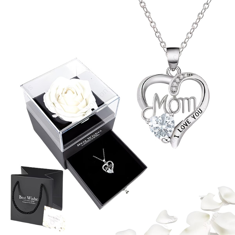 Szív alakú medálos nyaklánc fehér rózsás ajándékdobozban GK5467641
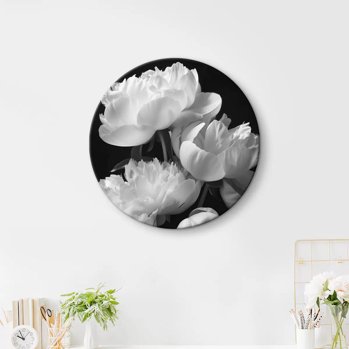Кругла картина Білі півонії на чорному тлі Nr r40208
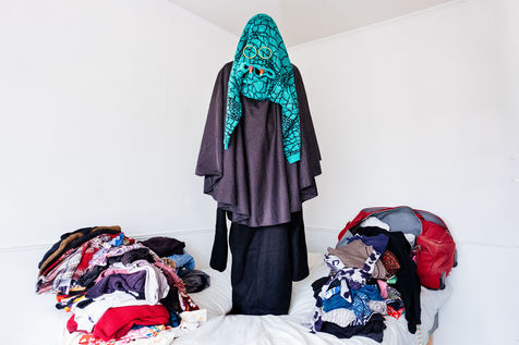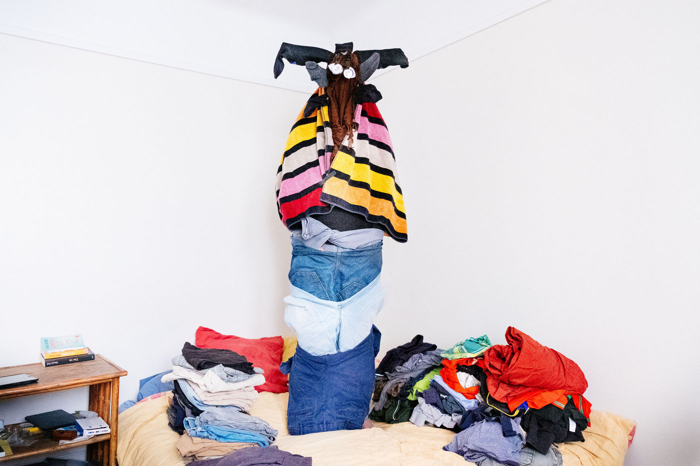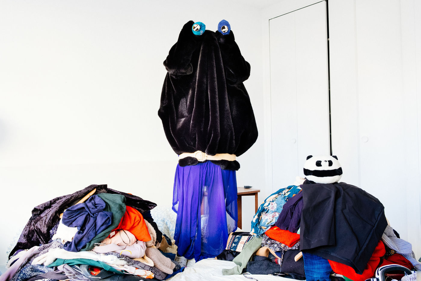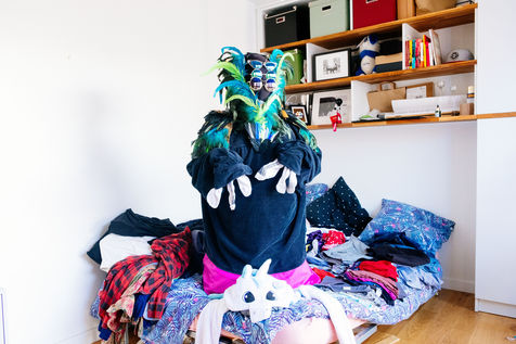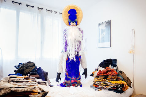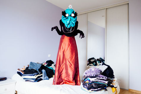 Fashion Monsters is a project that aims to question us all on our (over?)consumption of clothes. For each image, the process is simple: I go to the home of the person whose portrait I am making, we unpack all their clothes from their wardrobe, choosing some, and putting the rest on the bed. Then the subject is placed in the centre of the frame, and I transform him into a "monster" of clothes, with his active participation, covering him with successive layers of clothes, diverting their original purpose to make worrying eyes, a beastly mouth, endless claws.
----
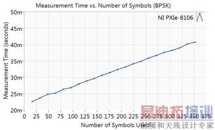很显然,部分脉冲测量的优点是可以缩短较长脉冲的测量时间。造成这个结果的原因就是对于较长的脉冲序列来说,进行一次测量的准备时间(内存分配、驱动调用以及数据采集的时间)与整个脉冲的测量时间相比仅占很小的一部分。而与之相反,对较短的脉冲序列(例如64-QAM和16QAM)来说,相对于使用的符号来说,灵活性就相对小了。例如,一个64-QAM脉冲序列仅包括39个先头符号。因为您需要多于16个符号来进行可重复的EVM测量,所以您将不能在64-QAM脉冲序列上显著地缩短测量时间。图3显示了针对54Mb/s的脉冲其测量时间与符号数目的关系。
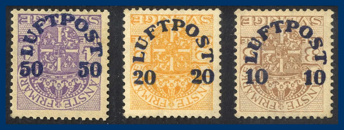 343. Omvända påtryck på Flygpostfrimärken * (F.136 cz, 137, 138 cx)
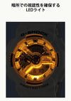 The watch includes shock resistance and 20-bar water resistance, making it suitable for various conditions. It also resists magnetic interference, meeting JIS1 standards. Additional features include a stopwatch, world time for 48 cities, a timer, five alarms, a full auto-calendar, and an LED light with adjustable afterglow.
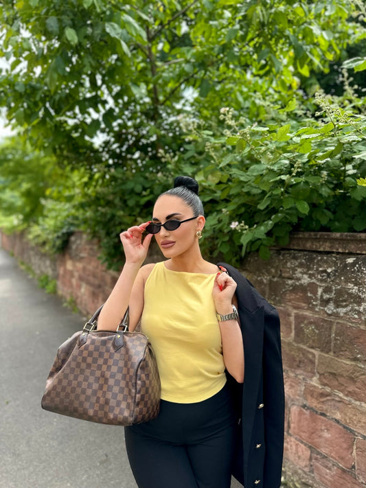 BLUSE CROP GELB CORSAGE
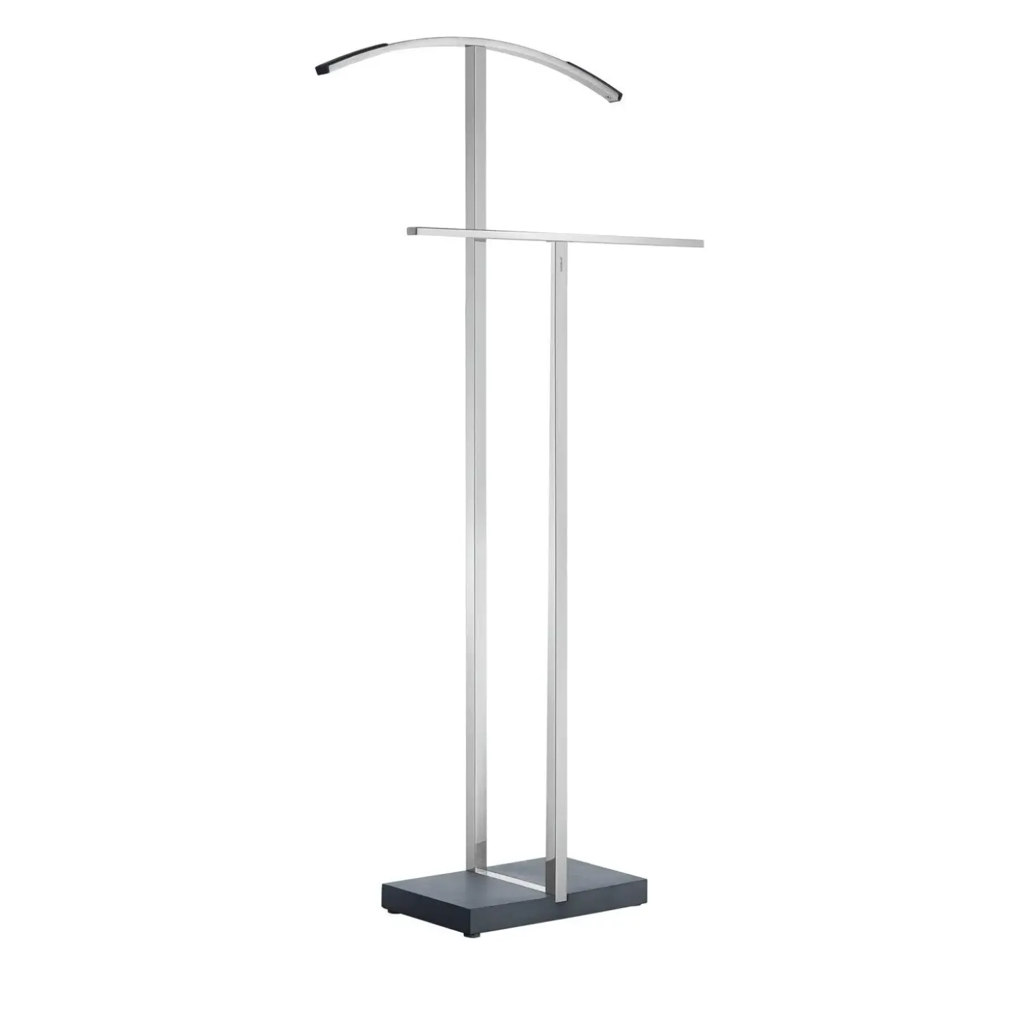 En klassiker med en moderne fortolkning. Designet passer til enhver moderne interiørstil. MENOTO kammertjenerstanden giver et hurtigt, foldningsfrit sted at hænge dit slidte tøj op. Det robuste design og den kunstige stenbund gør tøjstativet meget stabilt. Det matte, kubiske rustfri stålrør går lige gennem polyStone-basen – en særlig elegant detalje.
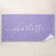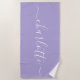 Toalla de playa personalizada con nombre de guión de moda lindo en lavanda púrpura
----
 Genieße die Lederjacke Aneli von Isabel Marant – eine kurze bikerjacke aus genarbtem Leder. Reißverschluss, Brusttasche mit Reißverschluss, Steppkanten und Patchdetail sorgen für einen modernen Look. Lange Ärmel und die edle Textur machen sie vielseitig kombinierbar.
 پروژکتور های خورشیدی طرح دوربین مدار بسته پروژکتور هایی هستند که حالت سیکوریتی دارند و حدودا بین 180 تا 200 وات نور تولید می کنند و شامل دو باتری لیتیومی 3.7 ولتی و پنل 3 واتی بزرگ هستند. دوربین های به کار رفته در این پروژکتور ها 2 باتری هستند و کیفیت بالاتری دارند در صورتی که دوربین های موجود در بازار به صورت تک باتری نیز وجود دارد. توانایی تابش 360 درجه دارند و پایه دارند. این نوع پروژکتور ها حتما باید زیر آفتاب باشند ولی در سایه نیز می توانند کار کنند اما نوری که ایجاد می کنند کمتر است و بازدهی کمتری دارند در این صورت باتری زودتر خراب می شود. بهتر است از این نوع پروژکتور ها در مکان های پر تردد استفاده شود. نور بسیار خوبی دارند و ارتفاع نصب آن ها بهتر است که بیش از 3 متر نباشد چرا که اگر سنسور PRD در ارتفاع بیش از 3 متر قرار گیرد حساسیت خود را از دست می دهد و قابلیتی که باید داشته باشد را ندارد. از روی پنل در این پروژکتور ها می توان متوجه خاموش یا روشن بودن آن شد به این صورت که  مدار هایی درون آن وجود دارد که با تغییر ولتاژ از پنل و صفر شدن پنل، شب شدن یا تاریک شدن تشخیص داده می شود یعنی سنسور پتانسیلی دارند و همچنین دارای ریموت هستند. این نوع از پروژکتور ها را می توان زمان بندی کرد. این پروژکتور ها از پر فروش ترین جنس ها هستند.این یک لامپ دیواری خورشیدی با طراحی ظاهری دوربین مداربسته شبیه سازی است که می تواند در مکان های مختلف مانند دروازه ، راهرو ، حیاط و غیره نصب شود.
----
### Exercise description:
Would you print exactly the lines in the listing above, from the line bearing "En klassiker med" through the line bearing "Toalla de playa", leaving out all pictures?

### Response box:
 En klassiker med en moderne fortolkning. Designet passer til enhver moderne interiørstil. MENOTO kammertjenerstanden giver et hurtigt, foldningsfrit sted at hænge dit slidte tøj op. Det robuste design og den kunstige stenbund gør tøjstativet meget stabilt. Det matte, kubiske rustfri stålrør går lige gennem polyStone-basen – en særlig elegant detalje.
 Toalla de playa personalizada con nombre de guión de moda lindo en lavanda púrpura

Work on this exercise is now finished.